November 6, 2025 — Cattle performance has strengthened in recent weeks, pushing grading premiums to all-time highs for this time of year, while the choice-select spread has compressed to unusually narrow levels.

Record grading performance

Favorable conditions have driven exceptional cattle quality this fall. Cooler weather combined with relatively cheap grain has supported strong animal performance.

Prime grading cattle have ranged from approximately 11.5% to nearly 12.8% of total production so far this fall. Choice grade cattle have averaged mostly in the 72.0%-72.5% range, with a peak of 73.2% reached in mid-October.

Both figures represent all-time highs for this period, according to analysis from LeftField Commodity Research.

Narrow choice-select spread

The choice-select spread has contracted significantly compared to recent historical patterns. The spread has averaged less than $20 in five of the past six weeks and appears likely to fall short of that threshold again this week.

This compression reflects the shift toward premium grading alongside potential buyer behavior. With fed beef markets in an elevated position overall, some buyers may be substituting more select grade product to manage costs.

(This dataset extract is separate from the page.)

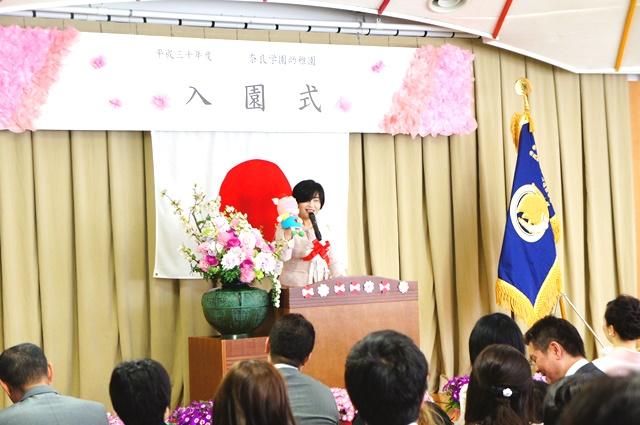 続いて谷川園長は式辞で「先生たちも、たくさんのおもちゃも、みんなが来るのを待っていましたよ。みんなには3つだけ守ってほしいことがあります。1つ目は、誰かに会ったら必ず”おはよう”とか”こんにちは”とかあいさつをしましょう。それから2つ目は、さっき名前を呼ばれた時みたいに、大きな声で”はい!”とお返事をしましょう。そして3つ目は、何かしてもらったら必ず”ありがとう”を言いましょう」と話しました。また保護者の皆様には「誠心誠意、心をこめて子どもたち一人ひとりに寄り添って、しっかり見守っていきます。ご家庭からもぜひ、あたたかいパワーを子どもたちに送ってあげてください」と述べました。

Over the past five years, the choice-select spread has typically averaged between $21 and $25 during the early to mid-fall period. The current spread has been trending mostly lower since late August.

Strong demand persists

Composite fed beef demand, measured on a wholesale basis and adjusted for seasonality, remains at elevated levels with limited signs of slowing.

After firming recently, the choice cutout appears to be stabilizing in the upper-$370s per cwt. Individual primal cuts show mixed trading patterns this week compared to last week, consistent with the sideways movement in weighted carcass value.

Briskets have gained strength and continue leading price increases. However, this has been offset by weakness in the chuck market. The rib market has also softened unexpectedly, despite typically strengthening ahead of the holiday season.

Outlook and market pressures

With seasonally-adjusted demand stretched to high levels, the choice cutout is expected to begin declining over the next one to two weeks. Analysts project the cutout will retreat below $360 per cwt, and eventually below $350 per cwt, by year’s end.

The broader cutout value generally begins declining ahead of Thanksgiving, following typical seasonal patterns.

Packer margins have improved from recent lows. Recent gains in wholesale values combined with concessions on the live cattle side have narrowed estimated losses in this segment to approximately $50-$75 per head.

Futures market volatility

Cattle futures experienced significant selling pressure this week, with most contracts for both live and feeder cattle finishing limit-down in Tuesday’s session.

Several factors contributed to market uncertainty: recent comments from President Trump about importing more beef from Argentina to lower domestic prices, Agriculture Secretary Rollins expressing openness to reopening the border to live cattle imports from Mexico, and uncertainty around the Supplemental Nutrition Assistance Program (SNAP) amid broader government shutdown concerns.

The rapid futures market adjustment has shifted valuations considerably. Some feeder cattle contracts (May26-Oct26) that were previously considered overvalued by $30-$40 now appear undervalued by $15-$30.

Cash feeder cattle prices have declined over the past couple of weeks in response to eroding feedyard margins, though the market has not experienced a complete collapse.